Extranodal Natural Killer/T-Cell Lymphoma, Nasal Type Clinical Trial
Official title:
A Multicenter Phase II Trial to Evaluate the Safety and Efficacy of IPGDP Regimen Chemotherapy in Patients With Extranodal Natural Killer/T-Cell Lymphoma, Nasal Type
The first Part: recruiting untreated ENKL patients with extensive stage I or limited stage II
disease (only referring to patients with the invasion of Waldeyer's ring and cervical lymph
nodes) . Patients are randomly divided into two arms, IPGDP regimen chemotherapy followed by
radiotherapy or radiotherapy followed by IPGDP regimen chemotherapy. IPGDP regimen for both
arms are 3 cycles. And the chemotherapy is repeated every 3 weeks..

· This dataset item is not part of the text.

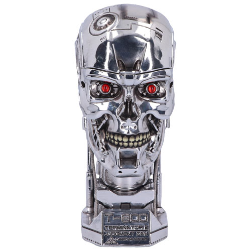 Get ready to face the iconic villain with the Nemesis Now T-800 Terminator 2 head box. Staring straight ahead, this bust exposes the hydraulics beneath a metallic skeletal frame, stripped of all human flesh—a chilling reminder of its inhuman nature. The skull’s top lifts off to reveal a surprisingly spacious storage compartment inside.

The second part: recruiting extensive stage II ,stage III-IV, relapsed or refractory ENKL
patients. Patients receive 6 cycles of IPGDP regimen chemotherapy. And the chemotherapy is
repeated every 3 weeks.
The first Part: Patients in IPGDP regimen chemotherapy followed by radiotherapy arm receive 3
cycles of IPGDP (ifosfamide 1.2g/m2 iv on days 3-5; pegaspargase 2000U/m2 im on day 1;
gemcitabine 800mg/m2 iv on days 3,8; cisplatin 25 mg/m2 iv on days 3-5; dexamethasone 20mg/m2
iv on days 3-6) chemotherapy. Then patients undergo radiotherapy. If the disease is
considered to progress or as stable during chemotherapy, the patient will directly receive
radiotherapy. Patients in another arm receive radiotherapy followed by IPGDP regimen
chemotherapy. IPGDP regimen for both arms are 3 cycles, which is repeated every 3 weeks.
The second Part: Patients receive 6 cycles of ifosfamide 1.2g/m2 iv on days 3-5; pegaspargase
2000U/m2 im on day 1; gemcitabine 800mg/m2 iv on days 3,8; cisplatin 25 mg/m2 iv on days 3-5;
dexamethasone 20mg/m2 iv on days 3-6. IPGDP regimen is repeated every 3 weeks. If the disease
is considered to progress or as stable after 2 cycles or 4 cycles of chemotherapy, the
patient will withdraw from this study.